▶ [Activity]: Quote the whole listing exactly. Leave the pictures out of your copy.

▶ [Records supplied]:

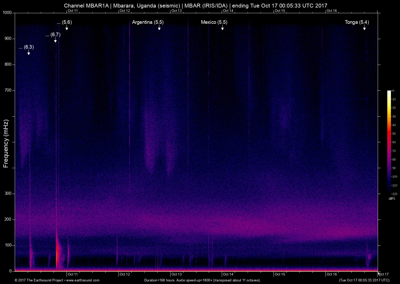 Mbarara, Uganda (seismic) archived on October 16, 2017
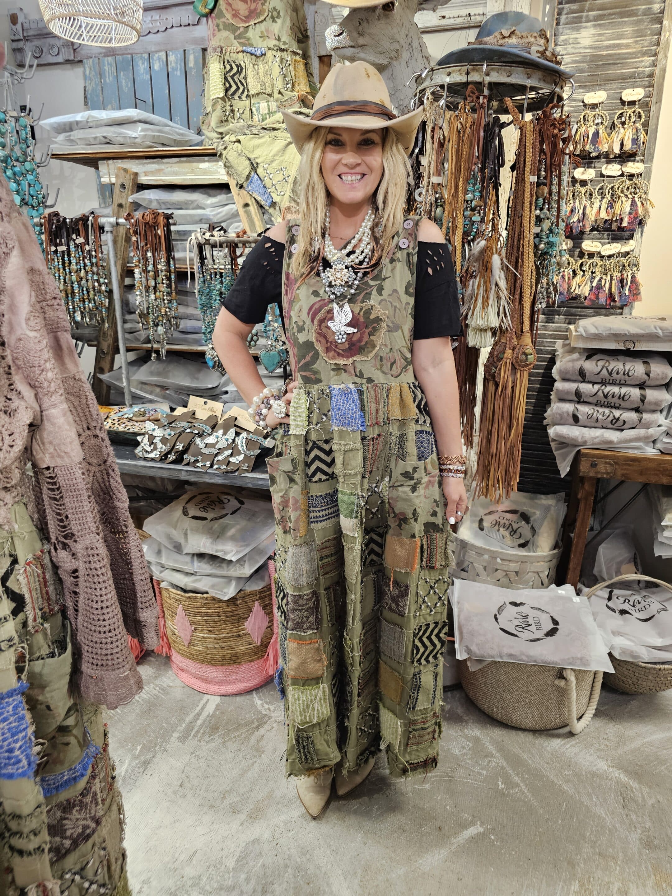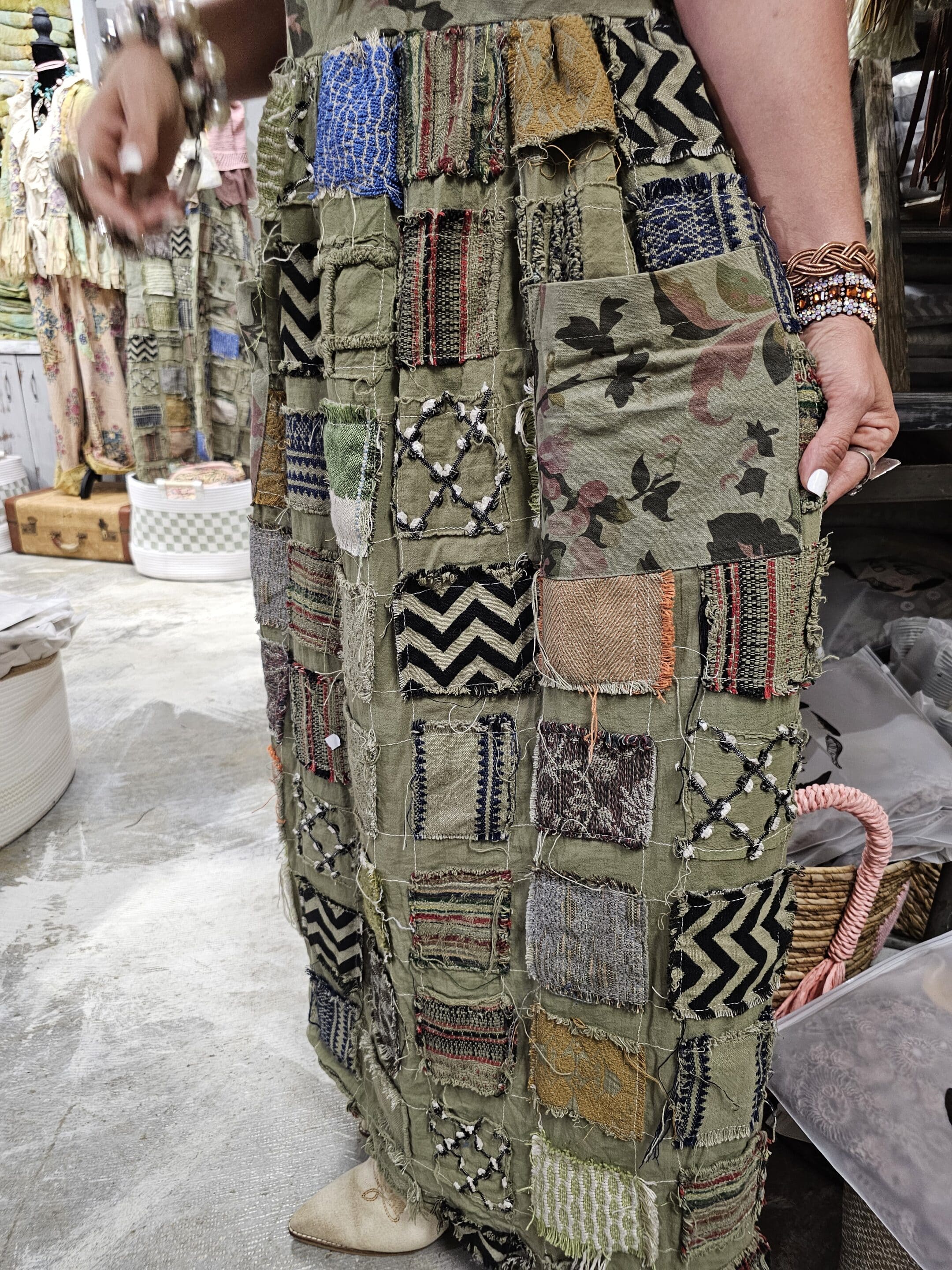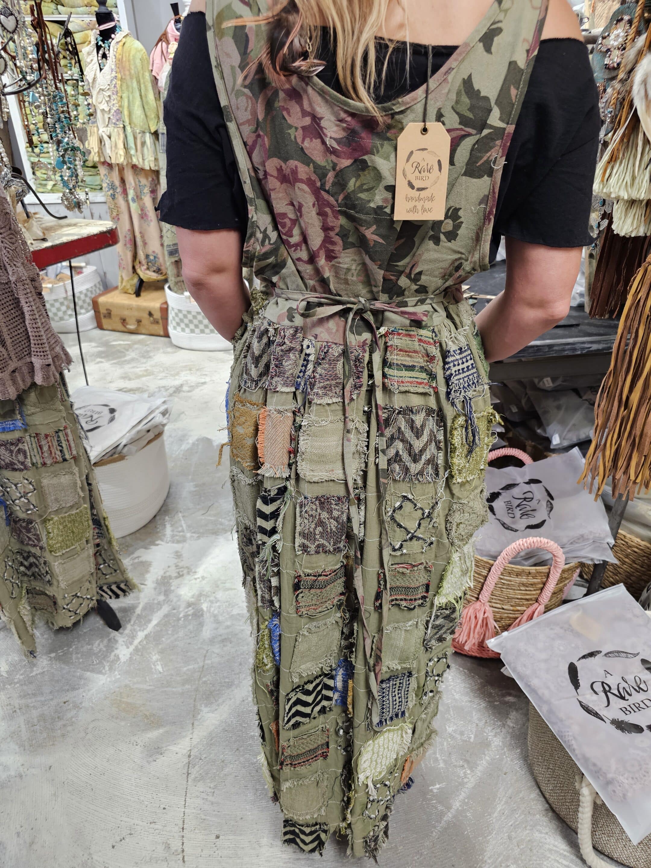 Truly a beautifully unique dress! Neutral olive green with a floral print. Decorated with hand stitched “book” patches. This Storybook Dress is for those who love to express their true character! One Size with side ties to cinch at the waist if desired for a cinched look.
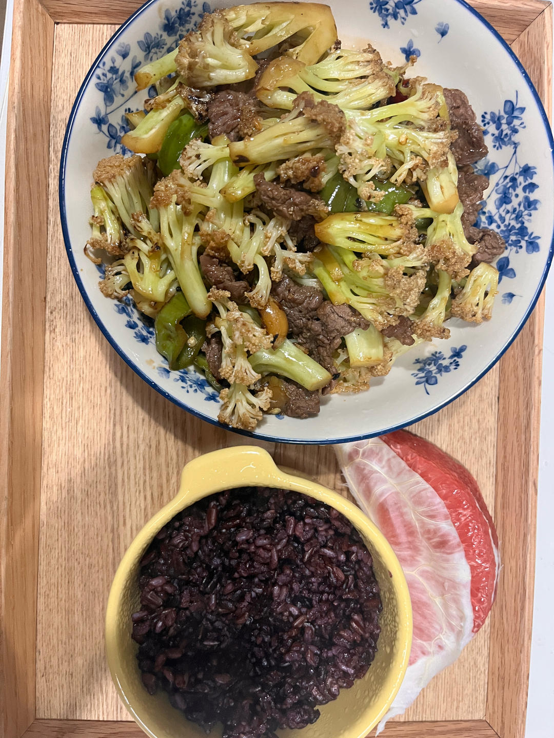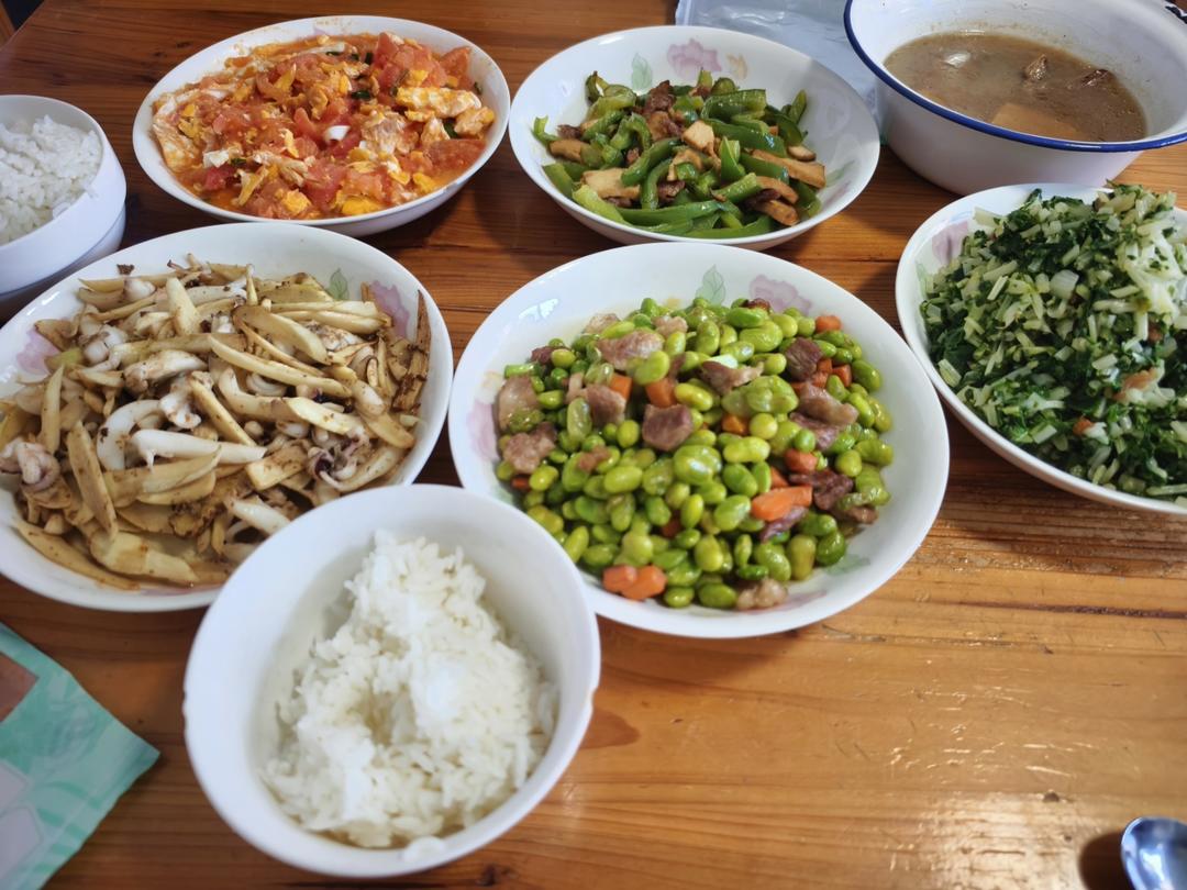 水煮牛肉,娃娃菜炒鸡蛋,米饭😄
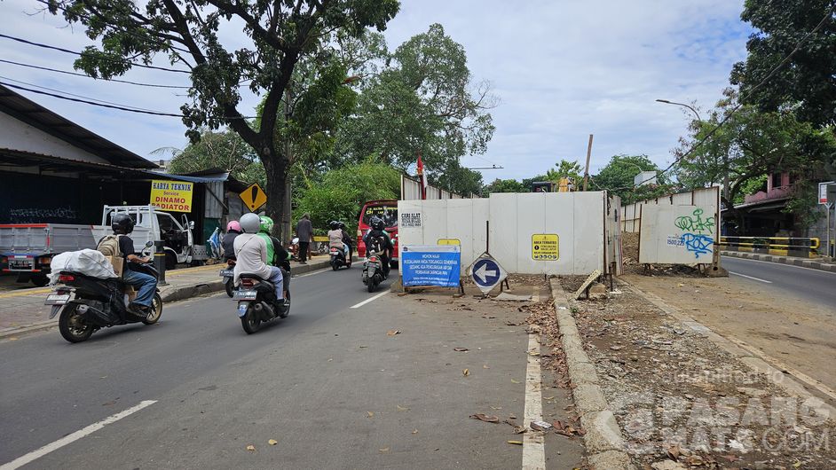 Galian pipa air yang masih tersisa di Jalan H. Bokir Bin D'jiun arah Kramatjati. Posisi tengah-tengah jalan menyebabkan lalu lintas tersendat.
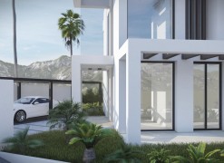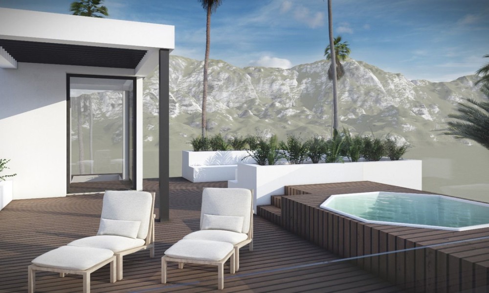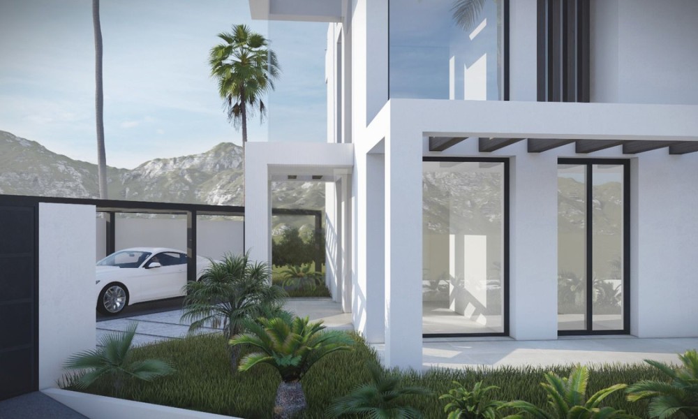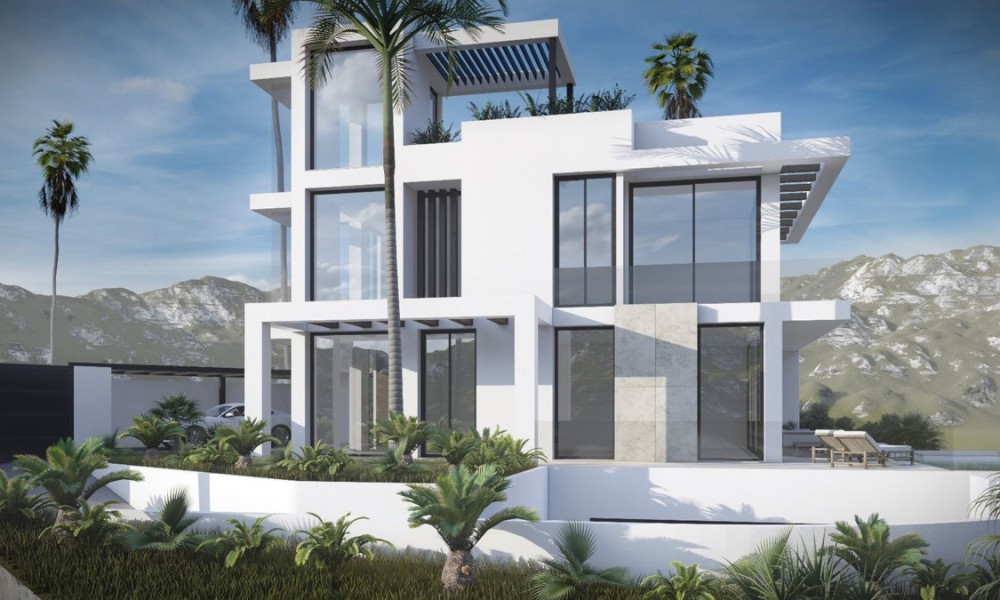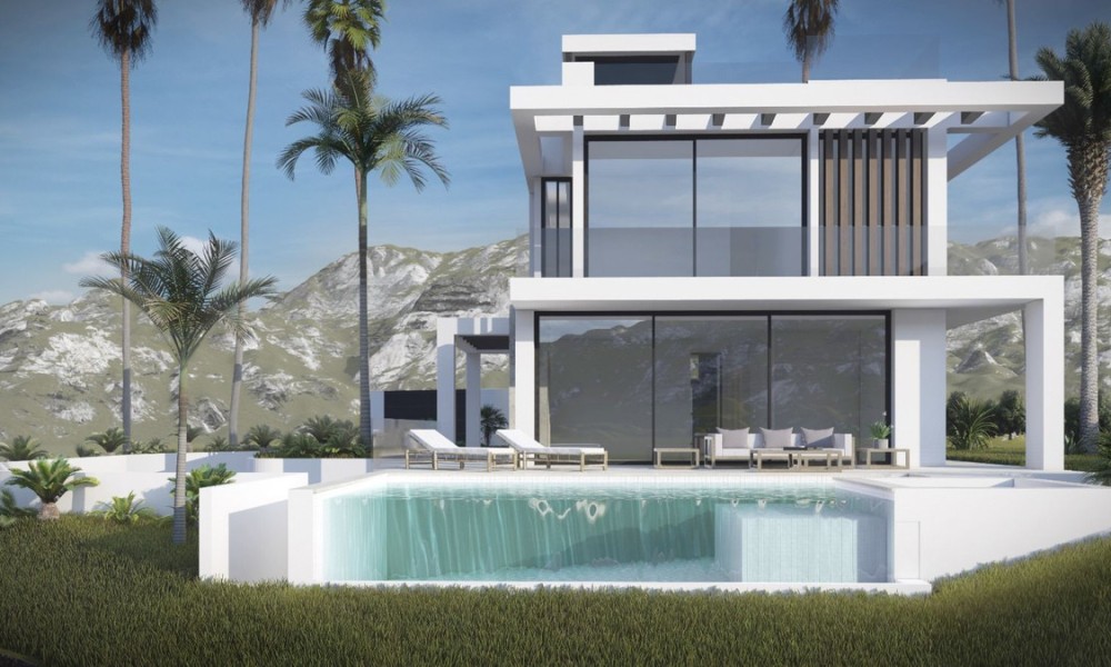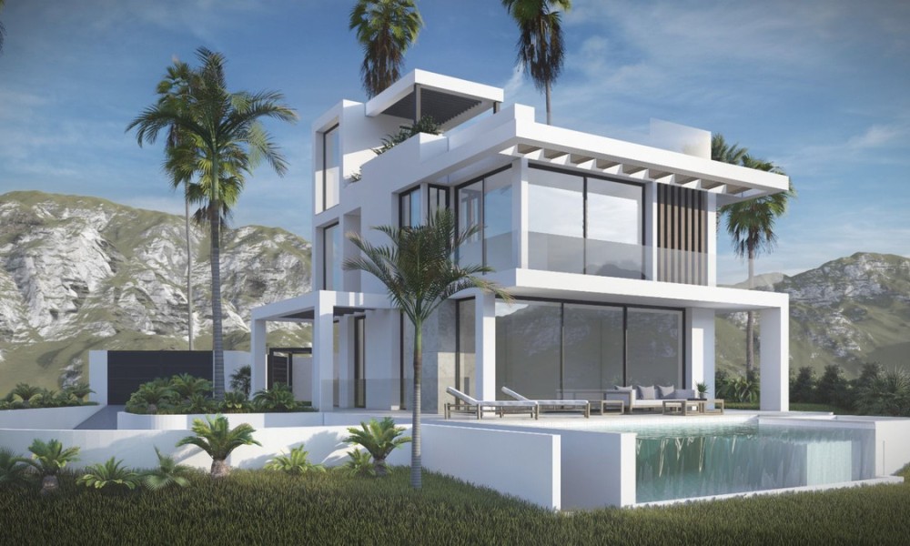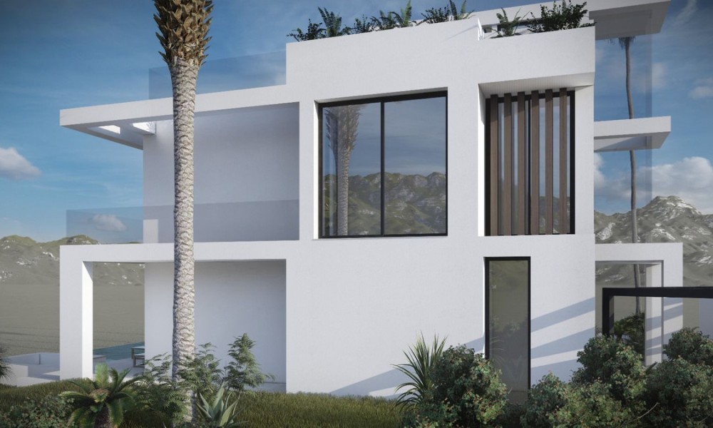 Stunning contemporary villa, available for construction upon request, is set in the sought-after urbanization of Buenas Noches, west of Estepona. The project will commence once a buyer is secured, with an estimated completion time of approximately two years.Situated on a 570 m² plot, the villa boasts 312 m² of built space, complemented by expansive terraces. The property features four bedrooms and three bathrooms, with a south-to-west orientation that ensures abundant natural light throughout the day. Ideally located, it is just a short distance from the beach and a mere 10-minute drive to Estepona’s port and town center.On the ground floor, the villa offers an open-plan living and dining area, complete with a fireplace for added warmth and ambiance. The fully fitted kitchen is equipped with high-end appliances, ensuring both functionality and style. This level also includes a guest bedroom with an en-suite bathroom, an additional room that can be used as a bedroom or office, a guest toilet, and direct access to covered and open terraces, the garden, and the pool area.

▶ [Task answer]:
 Mbarara, Uganda (seismic) archived on October 16, 2017
 Truly a beautifully unique dress! Neutral olive green with a floral print. Decorated with hand stitched “book” patches. This Storybook Dress is for those who love to express their true character! One Size with side ties to cinch at the waist if desired for a cinched look.
 水煮牛肉,娃娃菜炒鸡蛋,米饭😄
 Galian pipa air yang masih tersisa di Jalan H. Bokir Bin D'jiun arah Kramatjati. Posisi tengah-tengah jalan menyebabkan lalu lintas tersendat.
 Stunning contemporary villa, available for construction upon request, is set in the sought-after urbanization of Buenas Noches, west of Estepona. The project will commence once a buyer is secured, with an estimated completion time of approximately two years.Situated on a 570 m² plot, the villa boasts 312 m² of built space, complemented by expansive terraces. The property features four bedrooms and three bathrooms, with a south-to-west orientation that ensures abundant natural light throughout the day. Ideally located, it is just a short distance from the beach and a mere 10-minute drive to Estepona’s port and town center.On the ground floor, the villa offers an open-plan living and dining area, complete with a fireplace for added warmth and ambiance. The fully fitted kitchen is equipped with high-end appliances, ensuring both functionality and style. This level also includes a guest bedroom with an en-suite bathroom, an additional room that can be used as a bedroom or office, a guest toilet, and direct access to covered and open terraces, the garden, and the pool area.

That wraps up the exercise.